She jumped, her heart leaping into her throat, and swallowed hard as she staggered back a step.
So Fuery was here, and this male didn’t want her to see him. Why?
Was he that dangerous?
She focused on the building, on everyone in it, trying to find Fuery among the males she could scent. When she couldn’t feel him, she pressed her hands to her chest and focused on the connection they had once shared, expecting to feel something.
Nothing.
Tears lined her eyes as a voice in her heart whispered the male she longed to see again wasn’t here after all.
No.
He had to be here.
She studied the male opposite her, and caught the flicker of concern in his violet eyes, an emotion that told her that Fuery was here, somewhere in this hellish place, and the male knew him well.
Was worried about him.
“You cannot see him.
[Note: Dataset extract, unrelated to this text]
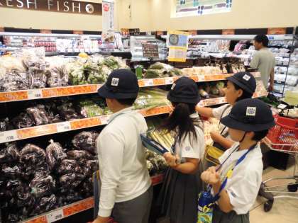 今日は、ライフの方に来ていただきました。食育の学習とライフ太融寺店の見学、買い物ミッションを体験しました。バックヤードの見学では、総菜を作ったり、お肉を保存している冷凍庫に入ったりと、普段見ることのできない場所に行き、驚いていました。食事をバランスよく取る大切さと、働く人たちの努力や工夫を知ることができました。

I do not know what business a female has with Fuery, but I do know that it will not end well for him… so you will leave.” His tone, so dark and menacing, left little room for her to argue.
She did it anyway.
“No. I am not leaving without seeing him. I will not be told what to do… not anymore. I have spent four thousand years mourning Fuery… believing him dead.” Her strength wavered and her voice grew quiet as emotions bombarded her, feelings that had been tormenting her from the moment Bleu had told her Fuery was alive. She stared down at the desk, lost and adrift in those emotions. “I do not understand how that came to be… I should have been able to feel he was alive through our bond.”
The male went deathly still.
“Bond?” His deep voice was low, cautious.
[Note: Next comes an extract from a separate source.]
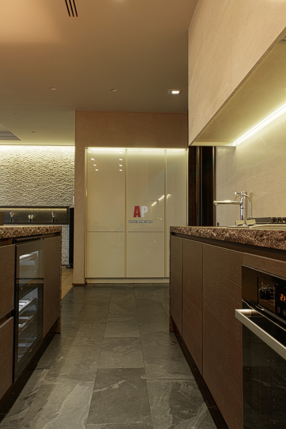 Интерьер кухни выдержан в минимализме. Каменная столешница с рваными краями.

She risked a glance at him, and found him staring at her, his eyes wide and lips parted, surprise painted across his face.
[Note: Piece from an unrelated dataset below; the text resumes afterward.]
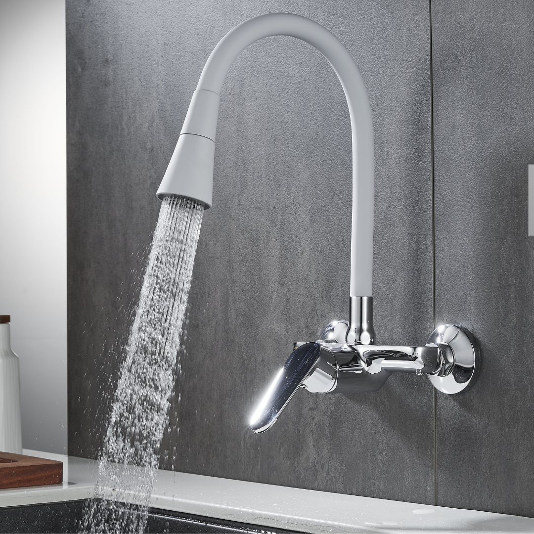 Zidna slavina za sudoper izrađena od visokokvalitetne mjedi u mat sivoj boji donosi moderan i sofisticiran izgled u svaku kuhinju. Fleksibilno crijevo omogućava izuzetnu praktičnost i slobodu pokreta prilikom pranja posuđa, omogućujući lako dosezanje svih kutaka sudopera. Elegantan dizajn mat sive površine savršeno se uklapa u suvremene kuhinje, dodajući dozu luksuza i modernog stila. Ova slavina kombinira funkcionalnost i estetiku, pružajući dugotrajnu izdržljivost zahvaljujući kvalitetnom materijalu od mjedi koji je otporan na koroziju i habanje.

She nodded slowly. “Fuery is my fated one. My mate.”
Gods, when was the last time she had said those words?
She stared at the male before her, numb to her bones as she let them sink in, together with the fact this male clearly knew Fuery, confirming what Bleu had told her.
Her mate was alive.
Her knees trembled, feeling suddenly weak as it swept over her, and she had to lock them to stop them from giving out and sending her to the stone floor.
Gods, he was alive.
Tears burned her eyes, pain blazed in her soul, and she reached for the connection that should have existed between her and her love.
But it wasn’t there.
“Your name?” the male said, his tone hard and unyielding. A command.
“Shaia,” she breathed, and the way his eyes widened again said that he knew that name. Her name.
He paled further, swallowed hard as he glanced at the door behind her, and then set his jaw. “Leave.”
Why?
His eyes leaped between her and the door, and she detected his fear. It was buried but there, running through him and slowly growing stronger together with other feelings. Worry. Anger.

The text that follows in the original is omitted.